Transcribe the listing in full, excluding any pictures.

▶ [Source material]
- - -

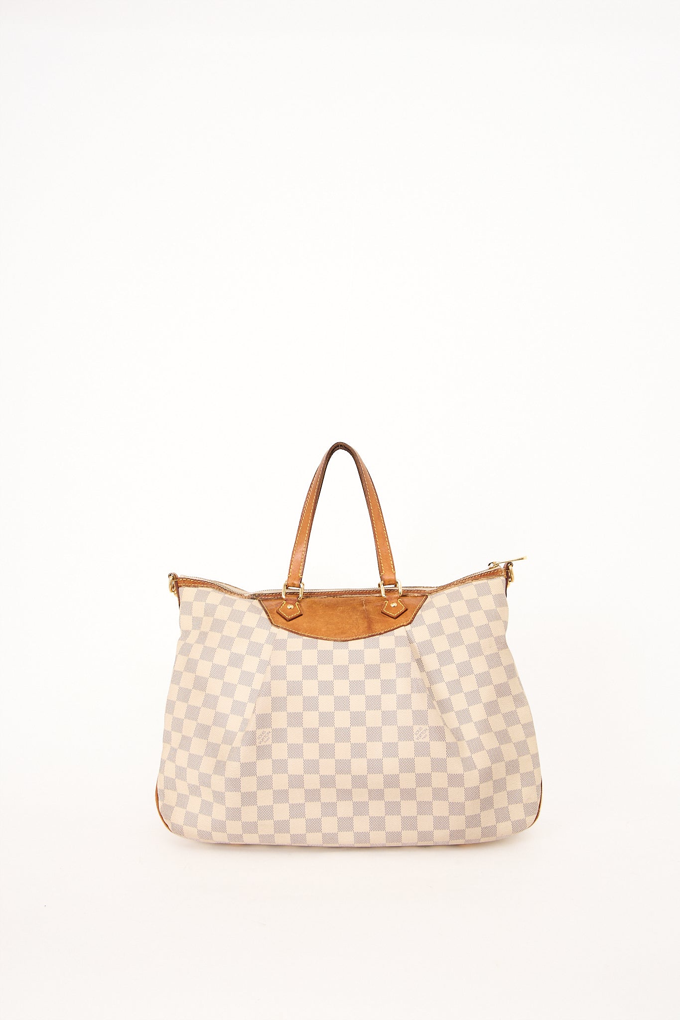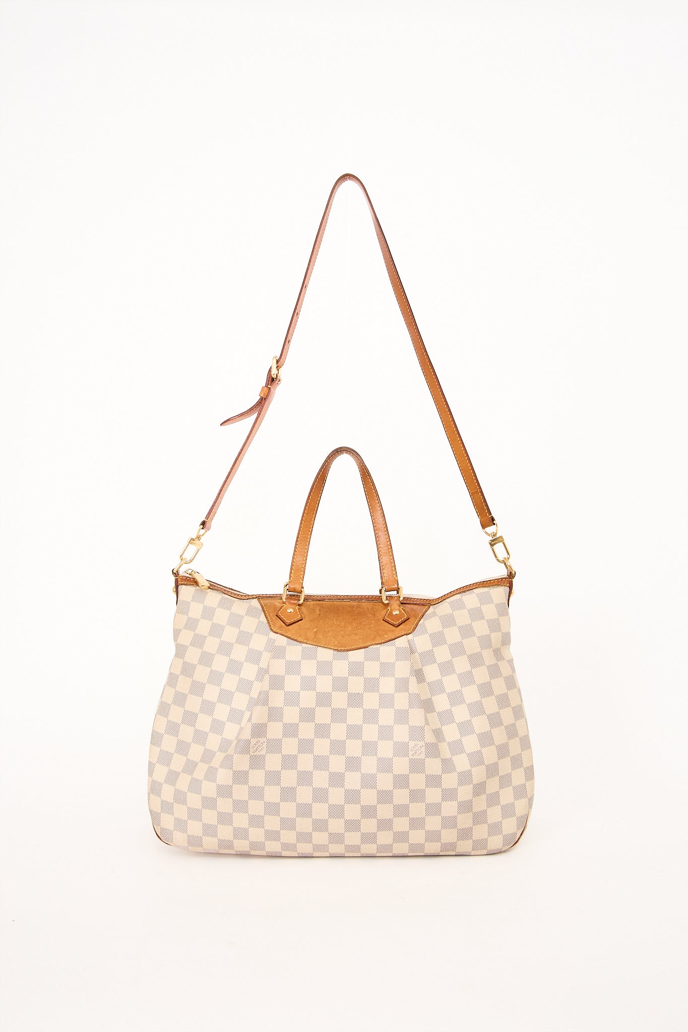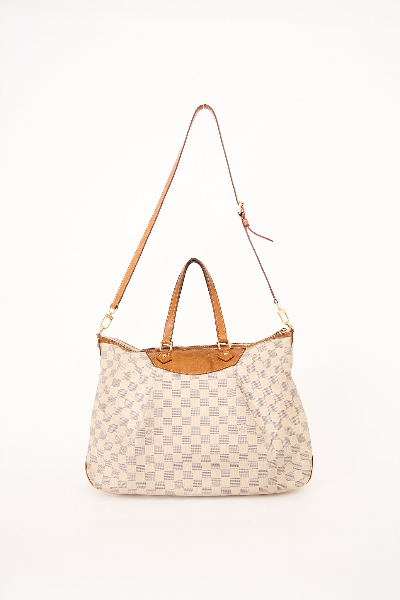 Elegant Louis Vuitton Syracuse GM i det ikoniske Damier Azur canvas med detaljer i naturligt vachetta-læder og guldfarvet hardware. Tasken har en struktureret silhuet med god plads, justerbar skulderrem og diskrete LV-signaturdetaljer. Et stilrent og klassisk design, perfekt til både hverdagsbrug og rejse. Standen bærer præg af patina på læderet, som giver tasken charme og karakter.
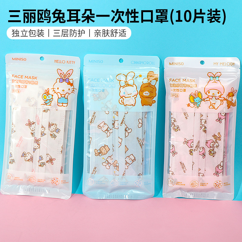 📚 miniso名创优品三丽鸥兔耳朵一次性口罩玉桂狗三层防护夏季薄款
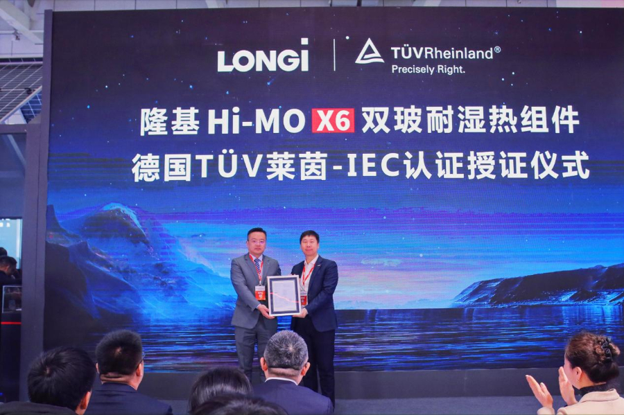 本次新品发布会上,TÜV莱茵大中华区太阳能与商业产品服务光伏组件副总经理冯轶洲为隆基颁发Hi-MO X6双玻耐湿热组件IEC证书,再次印证了该组件的耐湿热和低衰减性能。

- - -

▶ [Exercise output]
 Elegant Louis Vuitton Syracuse GM i det ikoniske Damier Azur canvas med detaljer i naturligt vachetta-læder og guldfarvet hardware. Tasken har en struktureret silhuet med god plads, justerbar skulderrem og diskrete LV-signaturdetaljer. Et stilrent og klassisk design, perfekt til både hverdagsbrug og rejse. Standen bærer præg af patina på læderet, som giver tasken charme og karakter.
 📚 miniso名创优品三丽鸥兔耳朵一次性口罩玉桂狗三层防护夏季薄款
 本次新品发布会上,TÜV莱茵大中华区太阳能与商业产品服务光伏组件副总经理冯轶洲为隆基颁发Hi-MO X6双玻耐湿热组件IEC证书,再次印证了该组件的耐湿热和低衰减性能。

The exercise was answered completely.